This man’s language was a strong specimen of Eastern hyperbole: one day he said to me, “You are my mother, and my father, and my God!” With great disgust, I reproved him severely for using such terms, when he explained, “you are my protector and my support, therefore you are to me as my God.” The offence was never repeated. The sketch of “[the sircar]” is an excellent representation of one in Calcutta: they dress themselves with the utmost care and most scrupulous neatness in white muslin, which is worn exactly as represented; and the turban often consists of twenty-one yards of fine Indian muslin, by fourteen inches in breadth, most carefully folded and arranged in small plaits; his reed pen is behind his ear, and the roll of paper in his hand is in readiness for the orders of the sāhib. The shoes are of common leather; sometimes they wear them most elaborately embroidered in gold and silver thread and coloured beads. All men in India wear mustachoes; they look on the bare faces of the English with amazement and contempt. The sircar is an Hindoo, as shown by the opening of the vest on the right side, and the white dot, the mark of his caste, between his eyes.
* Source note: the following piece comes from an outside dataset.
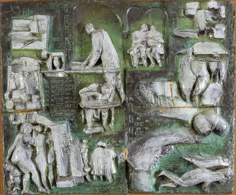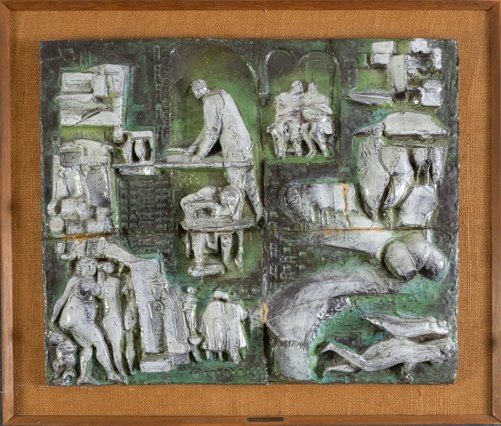 ANGELO BIANCINI (Castel Bolognese 1911 – 1988) Senza titolo,1970. Bassorilievo in ceramica policroma. Cm 57,5x67,5. Al retro opera firmata e datata A. Biancini 1970.

Dustoorie is an absolute tax. The durwān will turn from the gate the boxwallas, people who bring articles for sale in boxes, unless he gets dustoorie for admittance. If the sāhib buy any article, his sirdar-bearer will demand dustoorie. If the mem sāhiba purchase finery, the ayha must have her dustoorie—which, of course, is added by the boxwalla to the price the gentleman is compelled to pay.
Dustoorie is from two to four pice in the rupee; one anna, or one sixteenth of the rupee is, I imagine, generally taken. But all these contending interests are abolished, if the sircar purchase the article: he takes the lion’s share. The servants hold him in great respect, as he is generally the person who answers for their characters, and places them in service.
It appeared curious to be surrounded by servants who, with the exception of the tailor, could not speak one word of English; and I was forced to learn to speak Hindostanee.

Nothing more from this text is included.